В самом деле, Контрэкс (или официально — Контрэксевиль) очень маленький городок, всего тысяча двести жителей. Он известен своими лечебными источниками с 1760 года. Сюда, в Вогезы, на лечебные воды ездят люди, которым помогает) этот старинный курорт. Но Контрэкс не в моде, тем более что рядом, в пяти километрах, шумит модный Виттель, со всеми атрибутами современного буржуазного курорта — роскошными отелями, казино, гольфом, даже аэродромом для летчиков-любителей. Сюда из Контрэкса перекочевала ярмарка тщеславия.
Старомодный и по-настоящему лечебный, а не развлекательный, курорт Контрэкс полузабыт. Со времен его расцвета, то есть с начала нашего века, в Контрэксе сохранились названия улиц: например «рю де ля гранд дюшес Владимир», улица названа так в честь великой княгини Марии Павловны — супруги недоброй памяти Владимира Александровича, того самого, который оставил мрачный след в русской истории как один из главных виновников Кровавого воскресенья — 9 января 1905 года.
Есть в Контрэксе улица, носящая имя персидского шаха; впрочем, есть и улица имени того врача, который в восемнадцатом веке открыл целебные свойства здешнего источника.
Здесь, в Контрэксе, бывал Константин Сергеевич Станиславский, Насколько нам известен характер великого мастера режиссуры, он должен был любить этот тихий городок.
Три года подряд недуги заставляют автора этих строк посещать Контрэкс, и три года он является единственным москвичом, единственным советским .человеком в этой, как выражаются парижане, «дыре». Поэтому, особенно в первый мой приезд, я был здесь в некотором роде дивом, мною интересовались все: приезжие — фабриканты, инженеры, адвокаты, врачи; и местные жители — крестьяне ближайших деревень, рабочие здешнего завода, отправляющего бутылки с целебной водой во все концы света.

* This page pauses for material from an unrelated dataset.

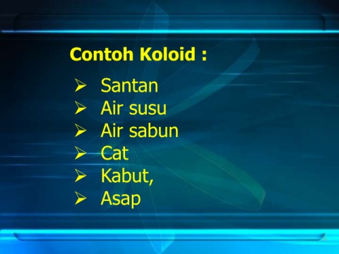 Contoh Koloid : Santan Air susu Air sabun Cat Kabut, Asap 32

Было невыразимо трогательно чувствовать и видеть, что и сюда, в старинный маленький Контрэкс, проникают вести о нашей стране, о ее великих делах, что и здесь у нее есть друзья и почитатели.
Помню — в день, когда космический корабль с вымпелом Советского Союза достиг Луны, незнакомые люди подходили ко мне, пожимали руки, поздравляли с успехами советской науки. Это были искренние, сердечные поздравления. Какой-то старичок с ликованием закричал мне с другой стороны улицы: «Он там!»

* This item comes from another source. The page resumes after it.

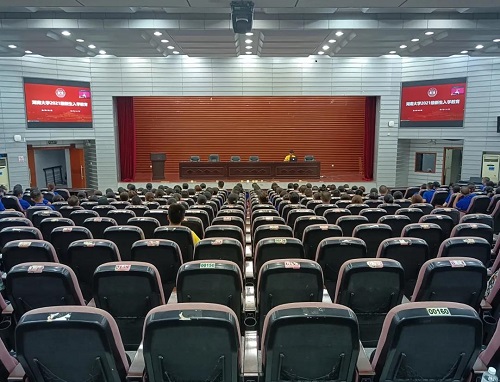 门前集合,在报告厅内认真聆听新生第一课的内容。
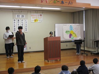 5年生を中心に計画や準備を進め、各学年はそれぞれで出し物を考え、練習してきました。6年生に対する感謝の気持ちがこもったすてきな発表ばかりで、6年生はとてもうれしそうに見ていました。

В нынешнем году жителей городка и курортников глубоко волновали важные и тревожные события.
Здесь, в Контрэксе, вспоминали Париж, где рвались бомбы «ультра», говорили о том, что «секретная армия», а не правительство является в сущности хозяином положения, говорили о неудержимом росте цен, сомневались, что де Голль вызволит Францию из ее нынешних бед.
Обо всем этом говорили в Контрэксе, хотя это и вредило прописанному врачами режиму и уменьшало силу воздействия целебной воды.

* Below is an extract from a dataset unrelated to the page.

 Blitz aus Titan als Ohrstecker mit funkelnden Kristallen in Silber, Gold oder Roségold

Интервьюер из газеты «Эст репюбликэн», разыскавший меня в Контрэксе, с удивлением отметил, что я со всех сторон обложился газетами.
— А как на это смотрят врачи? Режим есть режим, и не надо себя ничем волновать. А в газетах вы не найдете ничего утешительного.
Но уподобиться страусу и прятать голову в песок ради соблюдения режима не хотелось ни мне, ни многим другим обитателям Контрэкса. Да и, кроме того, жизнь бушевала вокруг, и этот прибой заставал нас повсюду, даже у газолиновой колонки.
Вот как это было. Новенький мерседес остановился у колонки, где заправлял свою машину мой спутник, пожилой француз. Молодой человек и девушка, приехавшие из ФРГ, вышли из машины размяться. Они заговорили со стариком, и вот что я услышал.
— Как живется в Западной Германии? — спросил старик. Вспоминают о Гитлере? добавил он с усмешкой.
— Видите ли, мне было только три года, когда началась война,— ответил молодой человек. — Что я могу сказать? Говорят, если бы не Адольф, мы бы выиграли войну. У нас были отличные генералы — Роммель, Кейтель. Но что они могли сделать? Фюрер был мистиком, верил в предопределение. А война — это наука, стратегия.
— А если бы вы победили? Весь мир покрылся бы лагерями смерти?
— Ах, боже мой, — с досадой сказал молодой человек. — Неужели вы этому верите?
— Значит, ничего не было? Ни Дахау, ни Освенцима, ни Бухенвальда? А фильмы, фотографии и документы?
Молодой человек помолчал, потом сквозь зубы:
— Пропаганда… Я этого не видел… Этих лагерей. Я живу в Мюнхене.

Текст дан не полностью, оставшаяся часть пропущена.